Ad hoc efforts for advancing data science education.

机构信息

Department of Computer Science, University of California, Davis, California, United States of America.

Department of Psychological Sciences, University of Connecticut, Storrs, Connecticut, United States of America.

出版信息

PLoS Comput Biol. 2020 May 7;16(5):e1007695. doi: 10.1371/journal.pcbi.1007695. eCollection 2020 May.
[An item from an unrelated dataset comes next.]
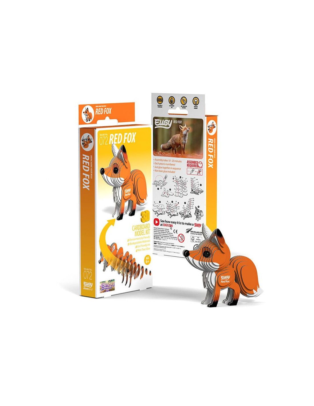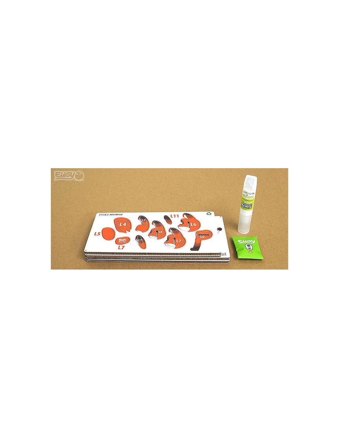 Eugy zaprojektowane w Nowej Zelandii są wykonane z przyjaznego dla środowiska kartonu pochodzącego z recyklingu i farby na bazie ryżu. Zestaw zawiera ponumerowane elementy układanki, nietoksyczny klej oraz instrukcję do zbudowania lisa. Zbierz całą serię zwierząt, ptaków, dinozaurów i wiele innych. Dla dzieci w wieku 6 lat +.

DOI:10.1371/journal.pcbi.1007695
PMID:32379822
原文链接:https://pmc.ncbi.nlm.nih.gov/articles/PMC7205211/
Abstract

With increasing demand for training in data science, extracurricular or "ad hoc" education efforts have emerged to help individuals acquire relevant skills and expertise. Although extracurricular efforts already exist for many computationally intensive disciplines, their support of data science education has significantly helped in coping with the speed of innovation in data science practice and formal curricula. While the proliferation of ad hoc efforts is an indication of their popularity, less has been documented about the needs that they are designed to meet, the limitations that they face, and practical suggestions for holding successful efforts. To holistically understand the role of different ad hoc formats for data science, we surveyed organizers of ad hoc data science education efforts to understand how organizers perceived the events to have gone-including areas of strength and areas requiring growth. We also gathered recommendations from these past events for future organizers. Our results suggest that the perceived benefits of ad hoc efforts go beyond developing technical skills and may provide continued benefit in conjunction with formal curricula, which warrants further investigation. As increasing numbers of researchers from computational fields with a history of complex data become involved with ad hoc efforts to share their skills, the lessons learned that we extract from the surveys will provide concrete suggestions for the practitioner-leaders interested in creating, improving, and sustaining future efforts.

摘要

随着对数据科学培训需求的增加,课外或“临时”教育工作已经出现,以帮助个人获得相关技能和专业知识。虽然许多计算密集型学科已经有了课外工作,但它们对数据科学教育的支持在应对数据科学实践和正规课程创新速度方面起到了重要作用。虽然临时工作的大量涌现表明了它们的受欢迎程度,但关于它们旨在满足的需求、面临的限制以及成功举办这些工作的实际建议,记录的内容较少。为了全面了解不同临时格式在数据科学中的作用,我们调查了临时数据科学教育工作的组织者,以了解他们如何看待这些活动——包括优势领域和需要发展的领域。我们还从这些过去的活动中收集了对未来组织者的建议。我们的结果表明,临时工作的好处不仅在于培养技术技能,而且可能与正规课程一起提供持续的好处,这值得进一步研究。随着越来越多来自计算领域的、有处理复杂数据历史的研究人员参与到临时工作中,分享他们的技能,我们从调查中提取的经验教训将为有兴趣创建、改进和维持未来工作的从业者领导者提供具体建议。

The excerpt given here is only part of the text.